When I was 14, my entire friend group found ICQ. I discovered MUDs and spent way too much time online. I became an Internet user. Not a software engineer.
When I was 18, I helped run battalion logistics in the Army. My unit tracked everything in Excel, and it became my job to output accurate monthly reports and forecasts. I become a business software user. Writing Excel formulas now! Still not a software engineer.
When I was 22, I learned statistics and finance in college. I also ran a student investment fund. My classes used R/S-PLUS, MATLAB, and yes, Excel with a little VBA. I became an academic software user. Writing code for class! But still not a software engineer.

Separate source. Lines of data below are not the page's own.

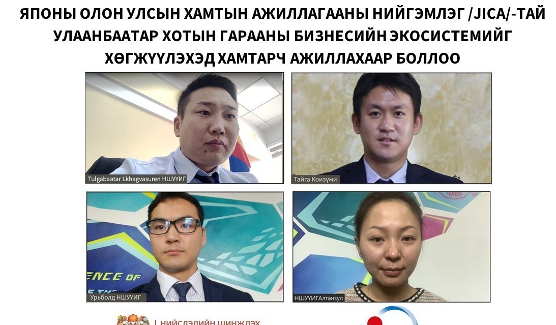 Нийслэлийн Шинжлэх ухаан, үйлдвэрлэл, инновацын газрын дарга Л.Тулгабаатар Японы олон улсын хамтын ажиллагааны нийгэмлэгийн Монгол дахь суурин төлөөлөгчийн газартай цахим уулзалт хийлээ. Уг уулзалтаар Монголын гарааны бизнесийн эко системийн судалгааг холбогдох төрийн байгууллага болон хувийн хэвшилтэй хамтран боловсруулахаар болсон юм. Судалгааны ажлын хүрээнд Монголын гарааны бизнес эрхлэгчдийн өнөөгийн байдал, эко системийн давуу болон сул талуудын талаарх судалгааг боловсруулж, дүн шинжилгээ хийнэ. Түүнчлэн Монголын гарааны бизнесийн эко системийн боломж, ирээдүйн хөгжлийн зураглалыг гаргах юм.
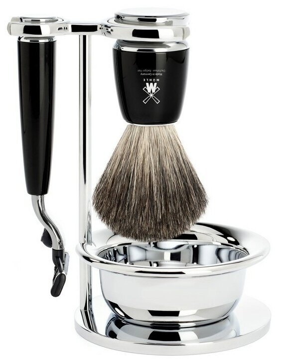 Бритвенный набор MUEHLE RYTMO черная смола натуральный барсучий ворс бритва Mach3 чаша (S 81 M 226 SM3)
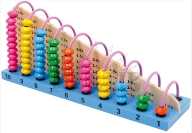 - Na 10 obloucích jsou barevné dřevěné korálky použity jako vizuální pomůcka při výpočtech. Na jedné straně základny je zadáno 55 sčítacích úkolů a na druhé straně je 55 odečtovacích úkolů a lze je rychle vyřešit pomocí dřevěných korálků! Výzva pro všechny malé matematické génie!
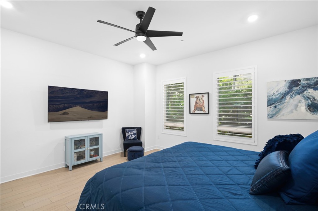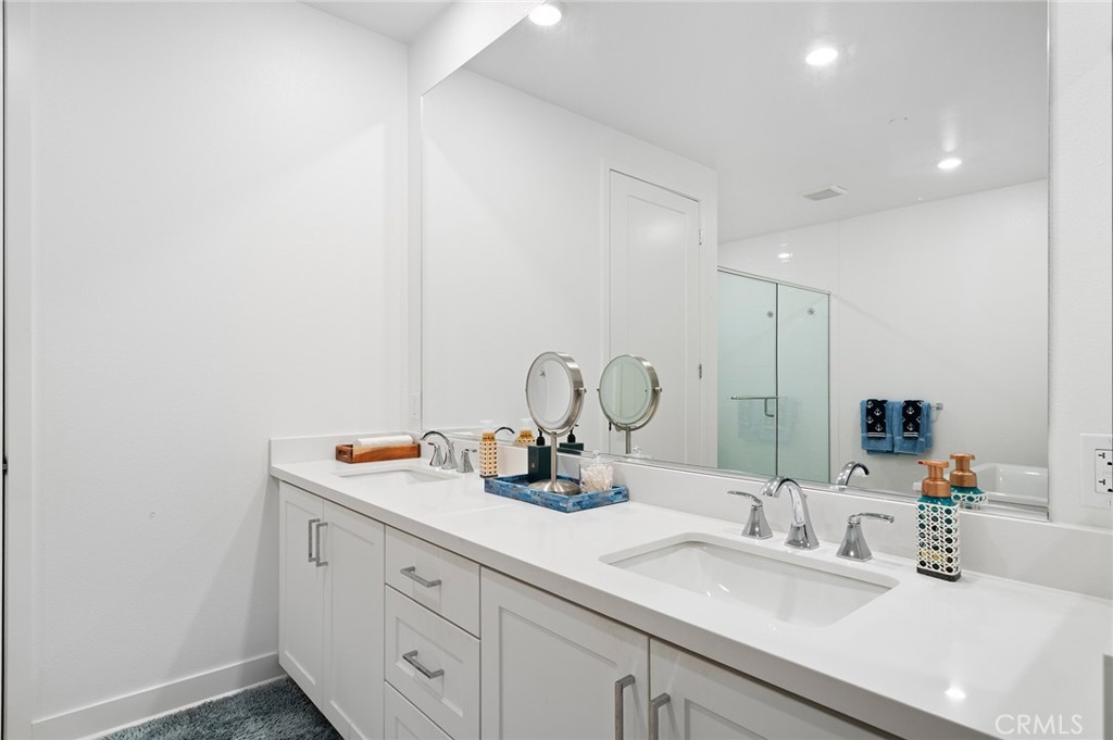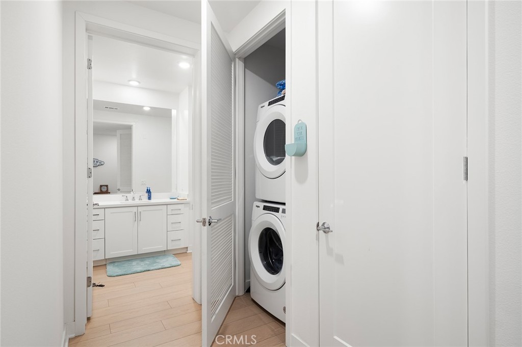The spacious primary suite features a spa-like en-suite bathroom with dual vanities, a walk-in shower, and a generous walk-in closet. The secondary bedroom also includes its own bathroom for ultimate privacy and flexibility. A separate powder room for guests and stackable laundry add everyday convenience.
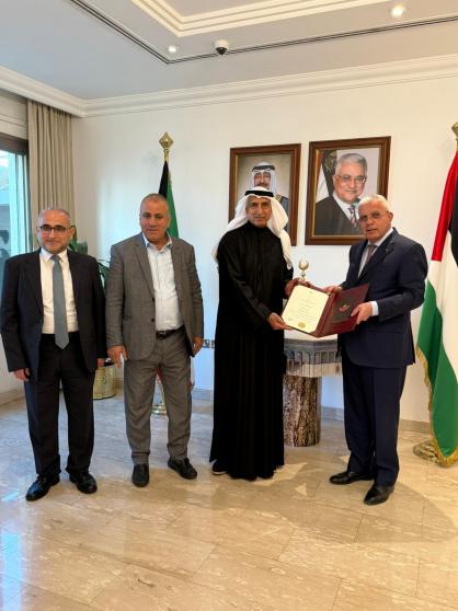 ونيابة عن الرئيس، قلد سفير دولة فلسطين في الكويت رامي طهبوب، السعد وسام نجمة الاستحقاق في مقر السفارة، اليوم الثلاثاء، بحضور مستشار رئيس الوزراء للصناديق العربية والإسلامية الوزير ناصر قطامي، ومستشار رئيس الوزراء للشؤون الاقتصادية باسم عبد الحليم.

When I was 26, I helped trade billions of dollars’ worth of interest rate swaps, currency derivatives, and eventually stocks. The bank/fund I worked at had software engineers, but they were too busy for little old me. So I had to learn Haskell/Mu, F# and Python to write the stuff I needed. Nothing amazing, mind you, just enough to get by. But I became a quantitative trader. Managing money with code! Yet still not a software engineer.
When I was 30, I burned out of finance, and took a year to decide to learn to code for real. I spent a year completing FreeCodeCamp and Fullstack Academy and got my first dev job at corporate venture. My job title literally said “Software Engineer”! But I was still not a software engineer.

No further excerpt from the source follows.